» **WHAT THE TASK ASKS**:
Return the lines below that contain "Women".

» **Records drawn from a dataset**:
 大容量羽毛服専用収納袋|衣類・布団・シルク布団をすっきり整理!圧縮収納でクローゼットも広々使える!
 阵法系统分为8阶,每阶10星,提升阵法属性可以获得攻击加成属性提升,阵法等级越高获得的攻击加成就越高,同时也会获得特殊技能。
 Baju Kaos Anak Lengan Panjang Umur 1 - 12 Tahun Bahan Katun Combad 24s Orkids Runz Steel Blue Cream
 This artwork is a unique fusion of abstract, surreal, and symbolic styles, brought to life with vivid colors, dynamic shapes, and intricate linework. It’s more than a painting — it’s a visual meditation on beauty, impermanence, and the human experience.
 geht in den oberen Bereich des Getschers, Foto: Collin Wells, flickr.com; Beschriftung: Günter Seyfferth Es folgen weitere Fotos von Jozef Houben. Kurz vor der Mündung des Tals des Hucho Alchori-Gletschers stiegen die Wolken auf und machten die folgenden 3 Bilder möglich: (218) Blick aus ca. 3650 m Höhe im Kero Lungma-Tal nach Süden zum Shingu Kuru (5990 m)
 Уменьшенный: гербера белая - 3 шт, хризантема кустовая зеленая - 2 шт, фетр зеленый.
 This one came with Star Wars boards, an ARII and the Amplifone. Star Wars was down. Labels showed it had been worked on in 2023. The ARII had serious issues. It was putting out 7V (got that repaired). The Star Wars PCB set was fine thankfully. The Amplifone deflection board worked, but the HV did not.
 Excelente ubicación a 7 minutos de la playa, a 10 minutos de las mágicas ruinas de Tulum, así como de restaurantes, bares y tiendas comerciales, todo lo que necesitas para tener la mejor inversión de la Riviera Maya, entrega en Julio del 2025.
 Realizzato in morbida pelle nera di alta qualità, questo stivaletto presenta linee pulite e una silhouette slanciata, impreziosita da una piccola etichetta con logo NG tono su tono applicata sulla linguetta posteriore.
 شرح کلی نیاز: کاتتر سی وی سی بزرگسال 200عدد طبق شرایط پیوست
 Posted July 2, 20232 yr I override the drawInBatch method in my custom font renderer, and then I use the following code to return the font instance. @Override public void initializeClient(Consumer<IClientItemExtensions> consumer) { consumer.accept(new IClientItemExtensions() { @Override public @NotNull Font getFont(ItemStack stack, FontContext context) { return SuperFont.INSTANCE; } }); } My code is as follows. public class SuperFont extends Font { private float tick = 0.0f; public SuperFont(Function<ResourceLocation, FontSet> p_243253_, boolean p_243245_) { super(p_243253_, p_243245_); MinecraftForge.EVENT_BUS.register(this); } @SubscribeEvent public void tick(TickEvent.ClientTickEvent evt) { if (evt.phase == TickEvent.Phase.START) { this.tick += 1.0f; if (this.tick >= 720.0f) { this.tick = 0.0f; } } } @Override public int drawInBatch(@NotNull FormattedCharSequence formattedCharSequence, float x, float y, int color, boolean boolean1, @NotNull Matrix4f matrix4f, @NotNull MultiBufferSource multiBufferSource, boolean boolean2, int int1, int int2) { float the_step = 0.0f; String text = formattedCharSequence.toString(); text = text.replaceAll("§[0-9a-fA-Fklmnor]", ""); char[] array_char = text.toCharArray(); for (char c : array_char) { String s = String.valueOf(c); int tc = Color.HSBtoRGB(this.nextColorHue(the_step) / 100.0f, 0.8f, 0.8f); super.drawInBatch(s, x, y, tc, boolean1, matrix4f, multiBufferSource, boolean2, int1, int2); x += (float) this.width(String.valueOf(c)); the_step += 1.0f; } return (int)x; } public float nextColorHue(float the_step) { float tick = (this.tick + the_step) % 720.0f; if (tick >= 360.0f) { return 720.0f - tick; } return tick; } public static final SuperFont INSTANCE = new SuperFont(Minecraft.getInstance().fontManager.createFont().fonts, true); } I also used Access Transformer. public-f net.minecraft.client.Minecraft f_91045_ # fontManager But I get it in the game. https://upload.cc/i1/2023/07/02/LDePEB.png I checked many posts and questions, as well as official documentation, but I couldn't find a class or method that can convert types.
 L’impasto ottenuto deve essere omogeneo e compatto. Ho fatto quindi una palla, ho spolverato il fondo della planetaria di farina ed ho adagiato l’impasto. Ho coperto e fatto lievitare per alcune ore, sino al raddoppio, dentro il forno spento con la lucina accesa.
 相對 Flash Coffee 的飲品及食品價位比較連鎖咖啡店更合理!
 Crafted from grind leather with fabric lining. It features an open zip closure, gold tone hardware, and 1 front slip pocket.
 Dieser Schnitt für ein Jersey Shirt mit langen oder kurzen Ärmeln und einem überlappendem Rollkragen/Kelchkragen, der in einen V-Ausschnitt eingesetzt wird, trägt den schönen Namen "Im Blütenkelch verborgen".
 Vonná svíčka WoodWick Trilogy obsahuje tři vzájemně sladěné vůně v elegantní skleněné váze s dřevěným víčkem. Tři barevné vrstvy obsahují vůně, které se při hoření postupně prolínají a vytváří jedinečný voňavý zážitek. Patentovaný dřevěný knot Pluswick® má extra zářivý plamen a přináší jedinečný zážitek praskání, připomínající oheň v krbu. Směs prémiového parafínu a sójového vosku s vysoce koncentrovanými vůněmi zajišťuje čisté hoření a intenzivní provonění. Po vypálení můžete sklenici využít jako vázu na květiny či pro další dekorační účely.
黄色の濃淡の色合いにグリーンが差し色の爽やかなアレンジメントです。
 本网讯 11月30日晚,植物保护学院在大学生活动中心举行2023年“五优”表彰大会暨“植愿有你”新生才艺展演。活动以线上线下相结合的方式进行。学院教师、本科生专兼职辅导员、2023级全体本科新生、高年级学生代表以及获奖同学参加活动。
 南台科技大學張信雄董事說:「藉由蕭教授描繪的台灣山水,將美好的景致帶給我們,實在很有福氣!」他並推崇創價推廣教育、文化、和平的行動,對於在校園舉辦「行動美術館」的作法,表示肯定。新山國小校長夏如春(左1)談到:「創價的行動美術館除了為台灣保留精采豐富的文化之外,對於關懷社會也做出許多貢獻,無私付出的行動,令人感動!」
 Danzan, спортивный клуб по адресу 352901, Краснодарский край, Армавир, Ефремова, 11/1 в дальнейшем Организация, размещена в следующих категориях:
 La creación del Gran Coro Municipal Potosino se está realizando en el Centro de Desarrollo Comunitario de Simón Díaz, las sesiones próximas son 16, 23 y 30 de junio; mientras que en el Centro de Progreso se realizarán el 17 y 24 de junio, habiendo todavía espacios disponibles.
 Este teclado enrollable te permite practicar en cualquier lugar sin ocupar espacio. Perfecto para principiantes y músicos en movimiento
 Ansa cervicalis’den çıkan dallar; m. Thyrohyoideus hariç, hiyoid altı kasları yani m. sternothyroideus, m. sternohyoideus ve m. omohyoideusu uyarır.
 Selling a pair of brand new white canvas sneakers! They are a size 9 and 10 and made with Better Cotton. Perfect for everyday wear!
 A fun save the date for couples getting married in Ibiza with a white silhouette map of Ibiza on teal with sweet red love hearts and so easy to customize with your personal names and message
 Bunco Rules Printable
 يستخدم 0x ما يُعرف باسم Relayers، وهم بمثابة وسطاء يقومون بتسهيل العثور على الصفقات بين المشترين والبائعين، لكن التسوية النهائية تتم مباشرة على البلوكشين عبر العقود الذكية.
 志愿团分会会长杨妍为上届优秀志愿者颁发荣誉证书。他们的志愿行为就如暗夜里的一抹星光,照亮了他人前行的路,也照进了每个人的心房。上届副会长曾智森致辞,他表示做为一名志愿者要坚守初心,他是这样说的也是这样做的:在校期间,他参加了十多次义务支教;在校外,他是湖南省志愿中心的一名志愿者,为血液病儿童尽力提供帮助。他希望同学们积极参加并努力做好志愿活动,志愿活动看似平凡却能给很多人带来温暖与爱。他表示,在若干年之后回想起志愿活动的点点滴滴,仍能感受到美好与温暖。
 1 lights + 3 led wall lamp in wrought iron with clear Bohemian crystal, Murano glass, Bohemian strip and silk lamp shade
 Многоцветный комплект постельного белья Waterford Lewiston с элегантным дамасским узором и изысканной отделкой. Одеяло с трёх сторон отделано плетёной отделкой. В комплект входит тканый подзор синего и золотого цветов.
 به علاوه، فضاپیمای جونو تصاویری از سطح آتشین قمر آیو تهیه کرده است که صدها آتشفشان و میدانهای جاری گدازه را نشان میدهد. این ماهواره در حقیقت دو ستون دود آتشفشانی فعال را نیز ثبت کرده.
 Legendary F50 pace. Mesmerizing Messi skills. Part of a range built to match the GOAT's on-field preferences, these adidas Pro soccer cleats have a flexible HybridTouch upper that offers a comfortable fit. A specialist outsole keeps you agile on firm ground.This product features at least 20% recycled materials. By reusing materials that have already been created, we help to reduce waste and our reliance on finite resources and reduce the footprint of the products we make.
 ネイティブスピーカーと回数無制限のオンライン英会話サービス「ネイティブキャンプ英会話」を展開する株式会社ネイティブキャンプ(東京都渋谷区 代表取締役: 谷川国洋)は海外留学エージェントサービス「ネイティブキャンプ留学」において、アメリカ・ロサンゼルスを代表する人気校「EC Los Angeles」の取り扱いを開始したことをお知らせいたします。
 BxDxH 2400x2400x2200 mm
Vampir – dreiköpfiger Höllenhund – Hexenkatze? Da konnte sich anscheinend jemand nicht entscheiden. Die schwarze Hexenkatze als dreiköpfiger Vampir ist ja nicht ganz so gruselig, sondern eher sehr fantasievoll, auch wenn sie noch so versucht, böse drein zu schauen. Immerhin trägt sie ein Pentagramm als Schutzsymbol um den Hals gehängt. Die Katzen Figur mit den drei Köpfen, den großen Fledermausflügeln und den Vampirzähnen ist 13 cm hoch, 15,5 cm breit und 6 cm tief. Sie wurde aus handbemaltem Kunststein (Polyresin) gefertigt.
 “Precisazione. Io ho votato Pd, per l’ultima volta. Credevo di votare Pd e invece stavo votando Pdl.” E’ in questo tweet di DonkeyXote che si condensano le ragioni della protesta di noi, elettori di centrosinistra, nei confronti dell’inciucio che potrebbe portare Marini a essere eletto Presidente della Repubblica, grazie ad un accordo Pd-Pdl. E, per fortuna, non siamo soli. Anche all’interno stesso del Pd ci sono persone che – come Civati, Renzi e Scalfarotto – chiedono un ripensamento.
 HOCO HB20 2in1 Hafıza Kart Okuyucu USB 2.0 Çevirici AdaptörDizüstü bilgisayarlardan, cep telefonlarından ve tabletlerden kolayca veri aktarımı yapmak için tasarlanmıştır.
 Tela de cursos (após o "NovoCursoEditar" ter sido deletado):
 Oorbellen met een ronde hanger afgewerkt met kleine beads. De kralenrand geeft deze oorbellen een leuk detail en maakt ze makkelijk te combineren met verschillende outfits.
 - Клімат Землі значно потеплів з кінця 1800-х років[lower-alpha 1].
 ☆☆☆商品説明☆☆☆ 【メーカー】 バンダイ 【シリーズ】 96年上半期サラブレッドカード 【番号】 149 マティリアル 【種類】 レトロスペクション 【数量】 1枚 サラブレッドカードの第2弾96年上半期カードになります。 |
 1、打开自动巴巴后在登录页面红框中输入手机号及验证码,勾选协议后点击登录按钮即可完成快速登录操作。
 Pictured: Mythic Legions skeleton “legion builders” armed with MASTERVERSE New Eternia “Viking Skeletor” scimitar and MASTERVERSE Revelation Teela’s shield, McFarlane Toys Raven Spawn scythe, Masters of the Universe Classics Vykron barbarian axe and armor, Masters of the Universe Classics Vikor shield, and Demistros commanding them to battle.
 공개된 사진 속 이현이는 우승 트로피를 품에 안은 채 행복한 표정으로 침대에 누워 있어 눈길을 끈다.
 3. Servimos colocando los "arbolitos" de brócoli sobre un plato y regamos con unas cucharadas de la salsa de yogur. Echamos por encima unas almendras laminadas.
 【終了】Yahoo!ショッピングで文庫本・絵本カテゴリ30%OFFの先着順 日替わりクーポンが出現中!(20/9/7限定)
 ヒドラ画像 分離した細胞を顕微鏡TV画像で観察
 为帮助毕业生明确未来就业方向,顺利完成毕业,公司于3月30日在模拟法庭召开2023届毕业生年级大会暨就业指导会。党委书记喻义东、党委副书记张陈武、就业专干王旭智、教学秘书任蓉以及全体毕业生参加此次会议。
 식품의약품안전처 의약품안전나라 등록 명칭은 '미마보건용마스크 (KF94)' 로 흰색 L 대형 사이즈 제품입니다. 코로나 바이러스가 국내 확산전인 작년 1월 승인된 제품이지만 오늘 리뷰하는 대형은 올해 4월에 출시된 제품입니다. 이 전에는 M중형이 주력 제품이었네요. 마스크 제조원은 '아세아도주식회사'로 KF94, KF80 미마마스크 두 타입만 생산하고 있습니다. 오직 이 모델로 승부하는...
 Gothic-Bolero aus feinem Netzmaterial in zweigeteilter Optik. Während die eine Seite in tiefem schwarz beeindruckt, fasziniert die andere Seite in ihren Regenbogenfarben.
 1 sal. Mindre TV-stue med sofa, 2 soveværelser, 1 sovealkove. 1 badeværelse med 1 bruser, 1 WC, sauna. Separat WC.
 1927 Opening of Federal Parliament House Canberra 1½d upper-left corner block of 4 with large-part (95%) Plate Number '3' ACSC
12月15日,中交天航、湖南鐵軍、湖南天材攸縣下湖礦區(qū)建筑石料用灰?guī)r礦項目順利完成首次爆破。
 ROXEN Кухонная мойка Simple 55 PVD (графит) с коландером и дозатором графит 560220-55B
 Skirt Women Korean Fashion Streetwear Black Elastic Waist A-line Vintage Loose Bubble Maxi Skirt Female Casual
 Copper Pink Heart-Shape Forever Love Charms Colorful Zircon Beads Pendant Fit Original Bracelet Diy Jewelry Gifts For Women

» **ANSWER SECTION**:
 Skirt Women Korean Fashion Streetwear Black Elastic Waist A-line Vintage Loose Bubble Maxi Skirt Female Casual
 Copper Pink Heart-Shape Forever Love Charms Colorful Zircon Beads Pendant Fit Original Bracelet Diy Jewelry Gifts For Women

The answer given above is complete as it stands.